- Church: Episcopal Church
- Diocese: West Missouri
- Elected: October 22, 1988
- In office: 1989-1999
- Predecessor: Arthur A. Vogel
- Successor: Barry Robert Howe
- Other posts: Assistant Bishop of Texas (2004-2006) Assistant Bishop of Southern Virginia (2006-2009) Provisional Bishop of Quincy (2009-2013) Assisting Bishop of Chicago (2013-2014)
- Previous post: Coadjutor Bishop of West Missouri (1989)

Orders
- Ordination: 1969 (deacon) January 1, 1970 (priest) by Gray Temple
- Consecration: February 25, 1989 by Edmond L. Browning

Personal details
- Born: May 6, 1933 Joanna, South Carolina, United States
- Died: April 20, 2020 (aged 86) Charleston, South Carolina, United States
- Denomination: Anglican
- Parents: Dock Jones Buchanan & Ella Virginia Clark
- Spouse: Peggy Annelle Brown ​(m. 1964)​
- Children: 2

= John Buchanan (bishop) =

American bishop (1933–2020)

John Clark Buchanan (May 6, 1933 – April 15, 2020) was an American bishop. He was the sixth bishop of the Episcopal Diocese of West Missouri.

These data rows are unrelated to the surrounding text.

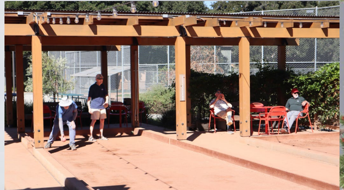
Some are shooting, some are shouting 'encouragement'!

The SIR Bocce Ball group meets and plays every Friday morning at the Los Altos Community Center Bocce Ball Courts (97 Hillview Ave, Los Altos, CA 94022).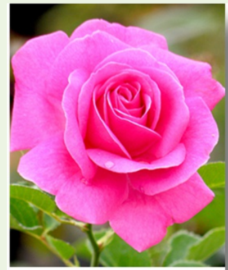
R. 'True Gratitude'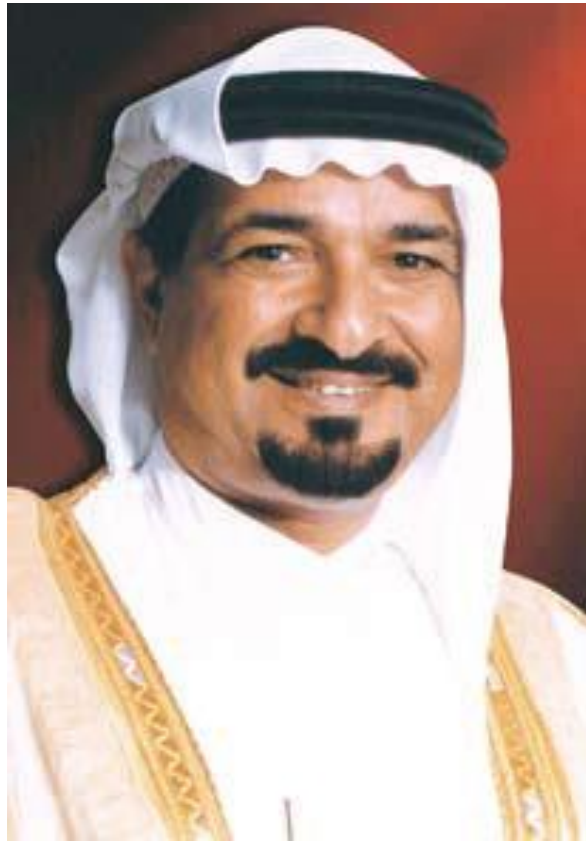
His Highness Sheikh Humaid Bin Rashid Al Nuaimi Member of the Supreme Council Ruler of Ajman Patron of Ajman University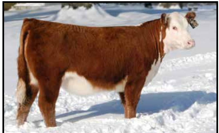
Lot 33A — PHH 025 Pearl 480 ET

Consigned by: Pierces's Hereford Haven, Baraboo, WI 608-434-0578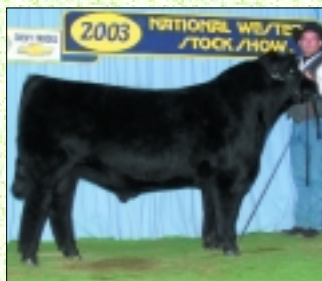
► Senior calf champion, EXAR Lakota 1852 , by Express Angus Ranches, Shawnee, Okla. He's a Sept. 2001 son of Northern Improvement 4480 GF.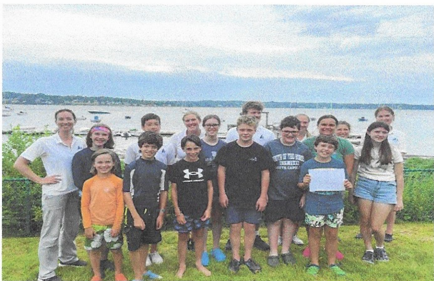
INTERMEDIATE CLASS WEEK #3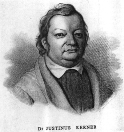
Dr JUSTINUS KERNER

Fig. 1. Dr. Justinus Christian Kerner was an accomplished romantic poet and official physician in South Germany. Because of his notes, botulism was known as Kerner's disease in those days.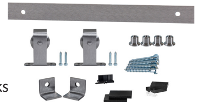
407 Brushed Nickel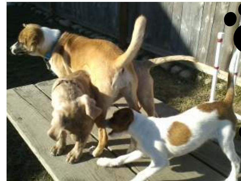
Success! Hope finally gets on the picnic table and the puppy mosh pit begins!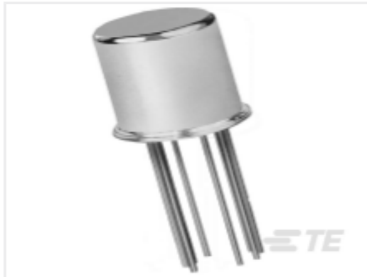
TE Part #1-1617119-9 J1MAWD-5XM = M39016/23-013M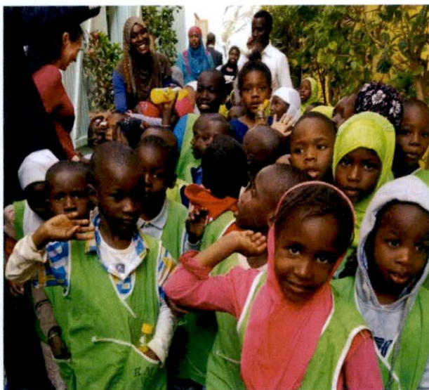
Preschoolers on a class trip to Gorée Island

The children at each school and site around the city we visited were excited about school and their education. Their eager dedication to learn, contribute and succeed is what stood out the most as we spoke with young people during our trip. Two young boys and one girl expressed their desire to be President of Senegal. The energy of the young people of the great city of Dakar Plateau was evident and strongly felt across the city from elementary school through college.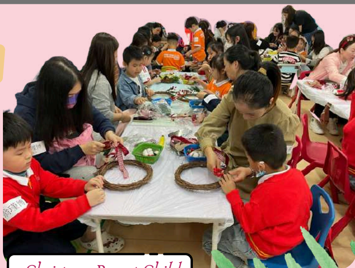
Christmas Parent-Child Wreath Making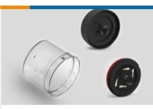
NEMA/ANSI Street Light Controls(34)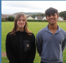
Student Leadership Page 4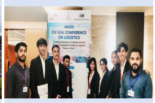
TYBBA (Shipping & Logistics) students attended 10<sup>th</sup> Edition of CII Goa Conference on Logistics

==Early life and education==
Buchanan was born on May 6, 1933, in Joanna, South Carolina to Dock Jones Buchanan and Ella Virginia Clark. He served in the U.S. Air Force between 1951 and 1955 before attending the University of South Carolina from where he graduated with a Bachelor of Arts in 1958 and a Juris Doctor in 1961. He then practiced law and worked in the insurance industry until 1966 when he enrolled at the General Theological Seminary to study for the priesthood. He graduated with a Master of Divinity in 1969. He also completed a Doctor of Ministry at the McCormick Theological Seminary in Chicago in 1975. He was also awarded an honorary Doctor of Divinity by the
General Theological Seminary in 1990.

==Ordained ministry==
Buchanan was ordained deacon in 1969 and priest on January 1, 1970, by the Bishop of South Carolina Gray Temple. He served as vicar of St Barnabas' Church in Dillon, South Carolina between 1969 and 1971, before becoming rector of St Matthew's Church in Darlington, South Carolina. In 1975 he then became rector of St Andrew's Church in Mount Pleasant, South Carolina, where he remained until 1989.

==Episcopacy==
During a special convention of the Diocese of West Missouri on October 22, 1988, Buchanan was elected Coadjutor Bishop of West Missouri. He was consecrated on February 25, 1989, in Grace and Holy Trinity Cathedral and succeeded as diocesan bishop on July 1, 1989. He resigned on December 31, 1999, and then returned to his native state of South Carolina where he served at St Michael's Church in Charleston, South Carolina. After a while he became Bishop-in-Residence of the Diocese of Texas. In 2006 he was appointed Assistant Bishop of Southern Virginia while in 2009, Buchanan became the provisional bishop of the Episcopal Diocese of Quincy after a majority of the diocese left for the Anglican Church in North America. He maintained this role until Quincy was merged into the Episcopal Diocese of Chicago. He then served a year as an assisting bishop in Chicago before retiring. He died on April 15, 2020, at his home in Charleston, South Carolina. He married Peggy Annelle Brown in 1964 and together had two daughters.